Defining the F1 Metric

The kaggle competition uses the F1 metric between the predicted values and expected values. So we have to define it in a way that huggingface understands to use it in our training.

Code
from sklearn.metrics import f1_score, accuracy_score, precision_score, recall_score

def compute_metrics(eval_pred):
    logits, labels = eval_pred
    preds = np.argmax(logits, axis=1)
    return {
        "f1": f1_score(labels, preds),
        "accuracy": accuracy_score(labels, preds),
        "precision": precision_score(labels, preds),
        "recall": recall_score(labels, preds)
    }
df_eval = dds['test']
df_eval
Dataset({
    features: ['id', 'keyword', 'location', 'text', 'labels', 'inputs', 'input_ids', 'token_type_ids', 'attention_mask'],
    num_rows: 1904
})

Now we can run our training loop. I’m not deeply concerned with every hyper parameter here, because I’m not there yet. I just want to focus on epochs, batch size bs and learning rate lr.

Code
from transformers import TrainingArguments,Trainer


epochs = 4
bs = 128
lr = 8e-5

args = TrainingArguments('outputs', learning_rate=lr, warmup_ratio=0.1, lr_scheduler_type='cosine', fp16=True,
    evaluation_strategy="epoch", per_device_train_batch_size=bs, per_device_eval_batch_size=bs*2,
    num_train_epochs=epochs, weight_decay=0.01, report_to='none')

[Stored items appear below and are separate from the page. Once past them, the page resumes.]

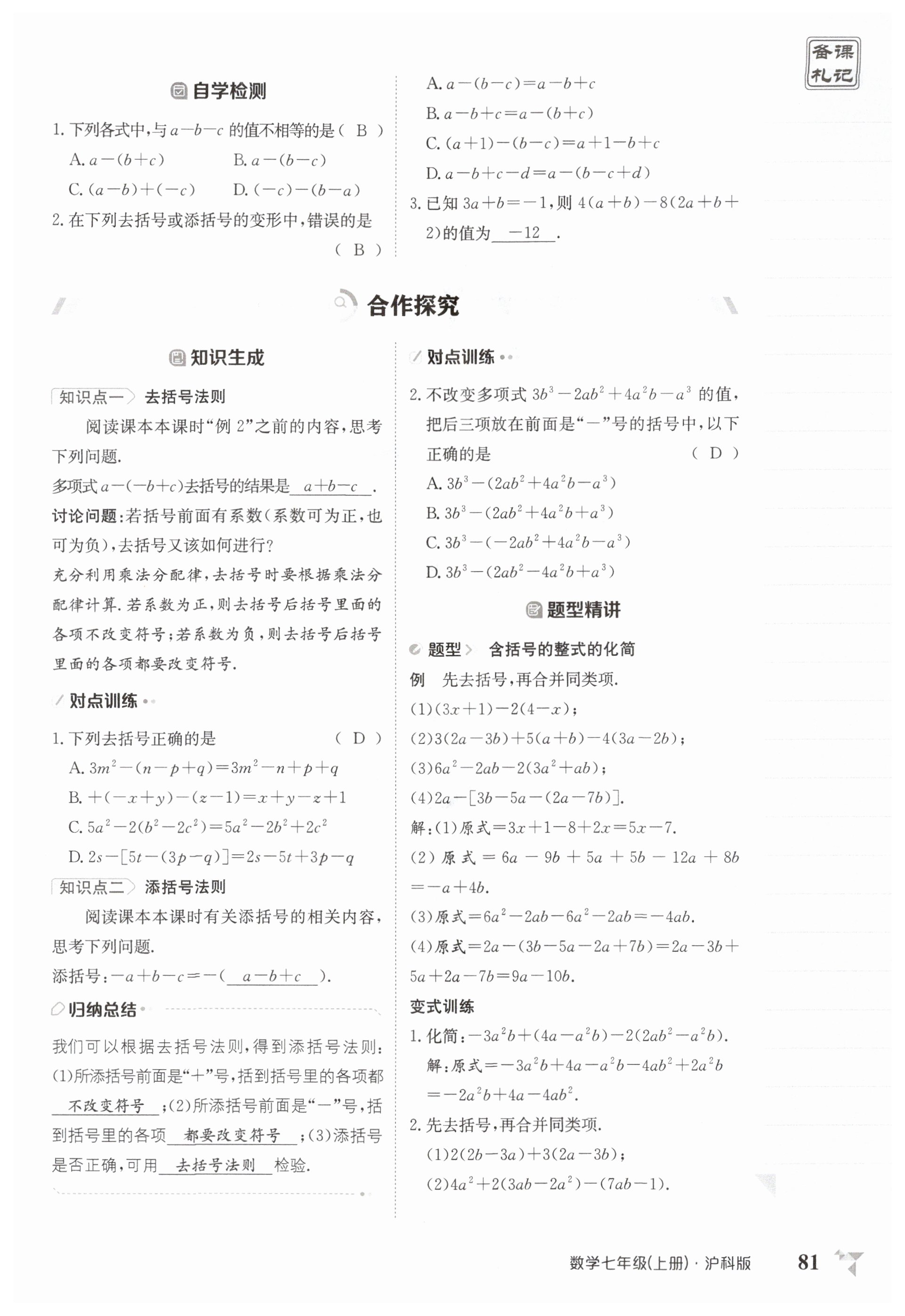 注:目前有些书本章节名称可能整理的还不是很完善,但都是按照顺序排列的,请同学们按照顺序仔细查找。练习册 2025年金太阳导学案七年级数学上册沪科版 答案主要是用来给同学们做完题方便对答案用的,请勿直接抄袭。
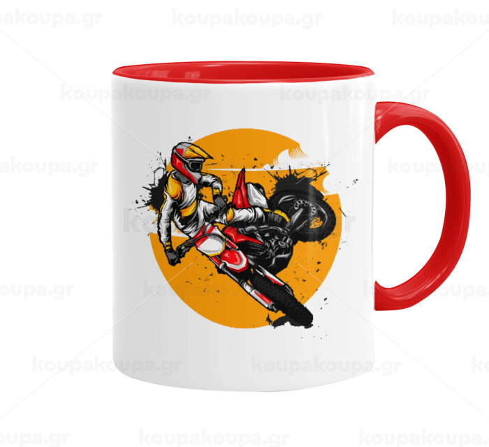 Motocross, Κούπα χρωματιστή κόκκινη, κεραμική, 330ml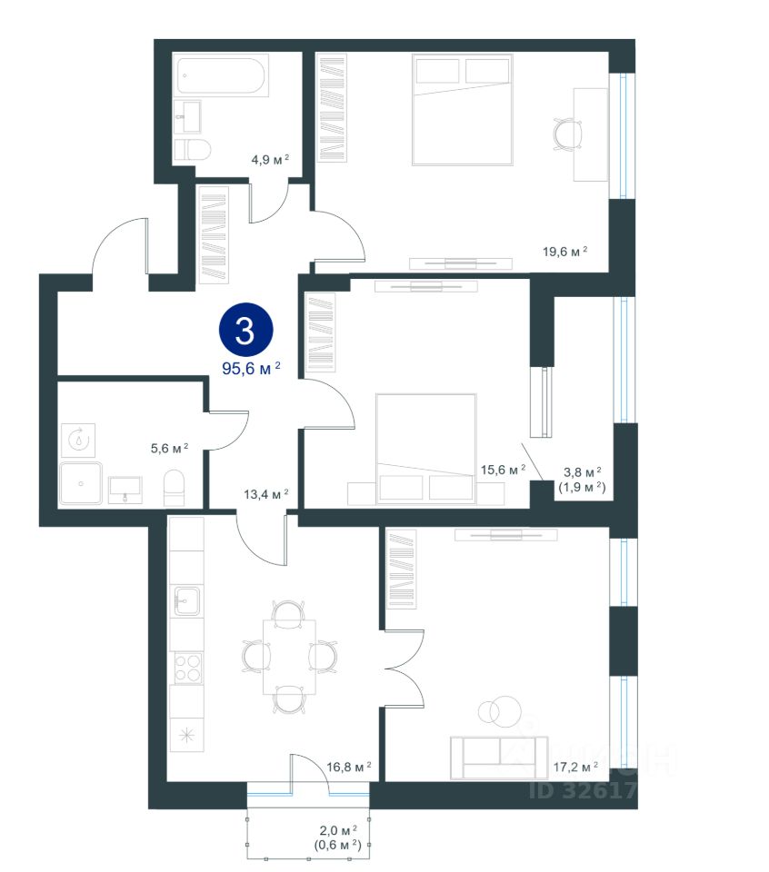 Общая площадь95,6 м²

model = AutoModelForSequenceClassification.from_pretrained(model_nm, num_labels=2)
trainer = Trainer(model, args, train_dataset=dds['train'], eval_dataset=dds['test'],
                  tokenizer=tokz, compute_metrics=compute_metrics)

trainer.train();
Some weights of the model checkpoint at microsoft/deberta-v3-small were not used when initializing DebertaV2ForSequenceClassification: ['mask_predictions.LayerNorm.weight', 'mask_predictions.LayerNorm.bias', 'mask_predictions.dense.weight', 'lm_predictions.lm_head.LayerNorm.bias', 'lm_predictions.lm_head.dense.weight', 'lm_predictions.lm_head.LayerNorm.weight', 'mask_predictions.classifier.bias', 'mask_predictions.dense.bias', 'mask_predictions.classifier.weight', 'lm_predictions.lm_head.dense.bias', 'lm_predictions.lm_head.bias']
- This IS expected if you are initializing DebertaV2ForSequenceClassification from the checkpoint of a model trained on another task or with another architecture (e.g. initializing a BertForSequenceClassification model from a BertForPreTraining model).
- This IS NOT expected if you are initializing DebertaV2ForSequenceClassification from the checkpoint of a model that you expect to be exactly identical (initializing a BertForSequenceClassification model from a BertForSequenceClassification model).
Some weights of DebertaV2ForSequenceClassification were not initialized from the model checkpoint at microsoft/deberta-v3-small and are newly initialized: ['pooler.dense.weight', 'classifier.weight', 'pooler.dense.bias', 'classifier.bias']
You should probably TRAIN this model on a down-stream task to be able to use it for predictions and inference.
You're using a DebertaV2TokenizerFast tokenizer. Please note that with a fast tokenizer, using the `__call__` method is faster than using a method to encode the text followed by a call to the `pad` method to get a padded encoding.
[180/180 00:27, Epoch 4/4]
Epoch Training Loss Validation Loss F1 Accuracy Precision Recall
1 No log 0.524064 0.628931 0.752101 0.950119 0.470035
2 No log 0.456287 0.751911 0.812500 0.920068 0.635723
3 No log 0.462908 0.783172 0.824055 0.871758 0.710928
4 No log 0.476750 0.787008 0.820903 0.840000 0.740306

Iterating from the Baseline Results

Alright ok thank God. It took a while, but we got a baseline. I tried a few randoms seeds for the test split. I got F1 values of .7949, .7948, and .8049. This is good because it tells me that based on a few random splits the metric doesn’t change too much. Now we want to see what are the hardest tweets to classify. We started with the baseline to just give us a sense of what data gives the model trouble. We didn’t curate a validation set, because we were stumped on which aspects of the data to sort into a valdiation set. Analyzing the tweets that are hardest to classify hopefully gives us a sense of what data features lead to trouble for the model.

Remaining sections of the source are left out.